We recognize, too, that in a case founded on diversity jurisdiction, state law supplies the substantive rules of decision. See Erie R.R. Co. v. Tompkins, 304 U.S. 64, 78, 58 S.Ct. 817, 82 L.Ed. 1188 (1938) ; Gomez v. Stop & Shop Supermarket Co., 670 F.3d 395, 397 (1st Cir. 2012). Here, the parties agree that Massachusetts law controls.
To prevail on a claim for negligence under Massachusetts law, "a plaintiff must carry the burden of proving the elements of duty, breach, causation, and damages." Geshke v. Crocs, Inc., 740 F.3d 74, 77 (1st Cir. 2014). Although the issues of breach, causation, and damages typically are determined by a factfinder, see Cracchiolo v. E. Fisheries, Inc., 740 F.3d 64, 69 (1st Cir. 2014), the existence vel non of a legally cognizable duty is typically a question of law, with which the court must wrestle, see O'Sullivan v. Shaw, 431 Mass. 201, 726 N.E.2d 951, 954 (2000) ; Davis v. Westwood Grp., 420 Mass. 739, 652 N.E.2d 567, 569 (1995).

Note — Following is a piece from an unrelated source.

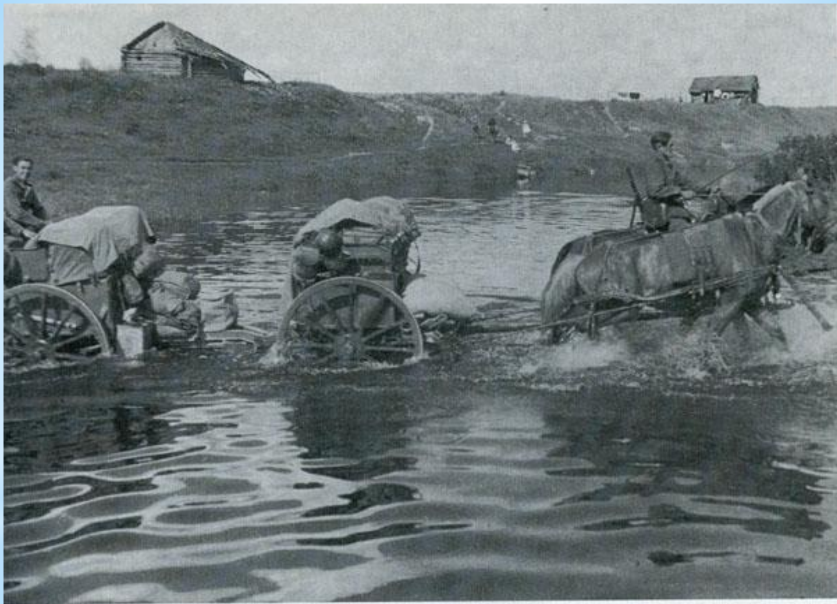
Munitions-Fahrzeug überquert den Gluschtza-Fluß-Juni 1942

From this point forward, we need not tarry. We have explained before that when a "trial court correctly takes the measure of a case and authors a convincing decision, it rarely will serve any useful purpose for a reviewing court to wax longiloquent" merely to hear its own words resonate. Eaton v. Penn-Am. Ins. Co., 626 F.3d 113, 114 (1st. Cir. 2010) ; accord Seaco Ins. Co. v. Davis-Irish, 300 F.3d 84, 86 (1st Cir. 2002) ; Ayala v. Union de Tronquistas de P.R., 74 F.3d 344, 345 (1st Cir. 1996). This is such a case. Consequently, we affirm the judgment below for substantially the reasons explicated by the district court, adding only four sets of comments.
First . Even though the plaintiff concedes that the PLBs at the Station were open and obvious to the average person, she posits that a genuine issue of material fact lurks as to whether they were dangerous. Viewing this allegedly disputed fact in the light most favorable to her cause, she argues that Speedway had a duty to warn of the danger that the PLBs presented. Like the district court, we disagree.

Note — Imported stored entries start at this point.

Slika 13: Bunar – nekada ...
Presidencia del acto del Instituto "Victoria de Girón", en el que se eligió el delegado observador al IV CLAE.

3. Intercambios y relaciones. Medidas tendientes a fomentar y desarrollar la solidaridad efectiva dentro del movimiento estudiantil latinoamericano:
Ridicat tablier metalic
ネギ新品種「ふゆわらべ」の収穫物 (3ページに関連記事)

A property owner generally owes a duty to protect lawful visitors from dangerous conditions on its land. See O'Sullivan, 726 N.E.2d at 954 ; Toubiana v. Priestly, 402 Mass. 84, 520 N.E.2d 1307, 1310 (1988). But this duty is not the duty of an insurer: it does not require a property owner to "supply a place of maximum safety." O'Sullivan, 726 N.E.2d at 954 (quoting Lyon v. Morphew, 424 Mass. 828, 678 N.E.2d 1306, 1310 (1997) ). Instead, a property owner is only obliged to maintain its premises in a condition that "would be safe to a person who exercises such minimum care as the circumstances reasonably indicate." Id. (quoting Lyon, 678 N.E.2d at 1310 ).
Assuming, favorably to the plaintiff, that the PLBs were dangerous—a matter on which we take no view—the plaintiff admits that they were open and obvious. Indeed, the record places this verity beyond hope of contradiction: it makes manifest that the PLBs were plainly and instantly visible to the eye of the reasonable observer. Under Massachusetts law, property owners are relieved of any duty to warn of open and obvious conditions, including those that present open and obvious dangers, since it is logical to expect that a lawful visitor exercising reasonable care for her own safety would not fall victim to such "blatant hazards." O'Sullivan, 726 N.E.2d at 954–55 ; see Davis, 652 N.E.2d at 570 n.9 ; Thorson v. Mandell, 402 Mass. 744, 525 N.E.2d 375, 379 (1988) ; Le Blanc v. Atl. Bldg. & Supply Co., 323 Mass. 702, 84 N.E.2d 10, 12 (1949) ; see also Gorfinkle v. U.S. Airways, Inc., 431 F.3d 19, 24 (1st Cir. 2005) (applying Massachusetts law).
This rule makes eminently good sense. "Implicit in the open and obvious doctrine ... is the assumption that the warning provided by the open and obvious nature of the danger is by itself sufficient to relieve the property owner of its duty" to warn visitors about the dangerous condition. Papadopoulos v. Target Corp., 457 Mass. 368, 930 N.E.2d 142, 151 (2010). Any additional warning would be superfluous. See Dos Santos v. Coleta, 465 Mass. 148, 987 N.E.2d 1187, 1194 (2013).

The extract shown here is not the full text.